Elasticsearch 搜尋片語,如何更準?
更好的閱讀體驗,開啟【閱讀原文】,在PC上瀏覽
Lucene用了很久,其版本更新也很快。在ES出來之後,直接使用Lucene的時候就比較少了,更多的就在ES框架下一站式完成,ES目前在專案中幾乎佔據了半壁江山。
ES的功能很強大,使用過程中,有一個問題是繞不過的:就是中文分詞。這是至關重要的一個問題,直接影響搜尋結果的準確和召回。
一般來講,分詞的問題本身目前解決的已經相當不錯了,大家用的比較多的是jieba分詞,還有清華、斯坦福、復旦等開源的中文分詞。

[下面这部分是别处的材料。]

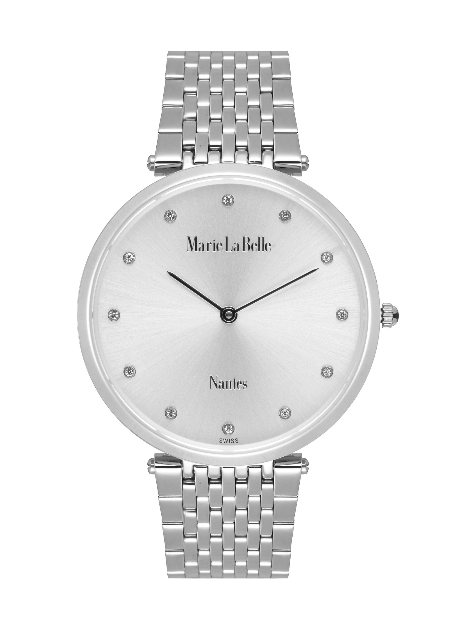 שעון לנשים מבית Marie La Belle , מסדרת Nantes . קוטר 36 מ"מ , זכוכית השעון – ספיר קריסטל , מנגנון קוורץ , שעון כסוף , לוח לבן פנינה בשילוב אלמנטים כסופים .
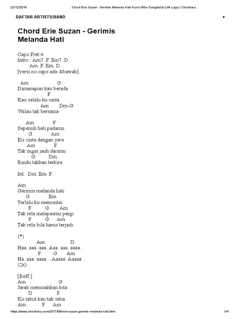 Gerimis melanda hati lagu ini di populerkan oleh Erie Suzan. Gerimis Melanda Hati chords by Erie Suzan. Chord Erie Suzan - Gerimis Melanda Hati Capo Fret 4 Intro.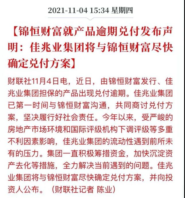 对于锦恒财富产品逾期兑付的情况,佳兆业回应称,今年以来,受严峻的房地产市场环境和国际评级机构下调评级等多重不利因素影响,佳兆业集团的流动性遇到前所未有的压力。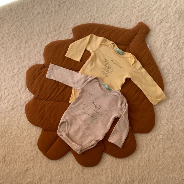 Hello ! Lot de deux bodies couleurs manches longues dans aucune attaches, 3 pressions en bas, taille 62cm marqué les petits cailloux 1 body famille girafe jaune 1 body petites étoiles girafe dans nuage beige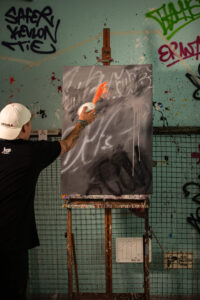 Heute liegt der Fokus auf großflächigen Wandarbeiten, die mit Sprühdose, Farbroller und Pinsel umgesetzt werden. Diese vielseitige Arbeitsweise erlaubt es dem Künstler seine Visionen auf unterschiedlichsten Oberflächen umzusetzen und Räume nachhaltig zu prägen.

如果要在ES中使用jieba分詞,就需要定製一個ES的分詞外掛,將jieba分詞load到ES中。
幾年之前,因為專案需要,我擼過一個簡單的ES外掛,在github上開源: jieba分詞ES外掛,也有一些使用者在使用,期間也在斷斷續續的更新。
其中的關鍵,通過閱讀程式碼就會發現,在處理token的過程中,有以下屬性需要處理:
-
CharTermAttribute
-
OffsetAttribute
-
TypeAttribute
-
PositionIncrementAttribute
分別代表了分詞的結果的最小單元:term,分詞的offset:startOffset
和endOffset
,以及詞性,例如word、或者數字、字母等等。
最後一個屬性PositionIncrementAttribute
比較難以理解,在特定的場合下才需要特殊的處理,大部分情況下預設的結果就可以,但在特定的場合下,會丟掉部分的文件。下文我們就詳細解釋這個屬性,通過例子來說明這個是如何產生影響的,以及該如何解決。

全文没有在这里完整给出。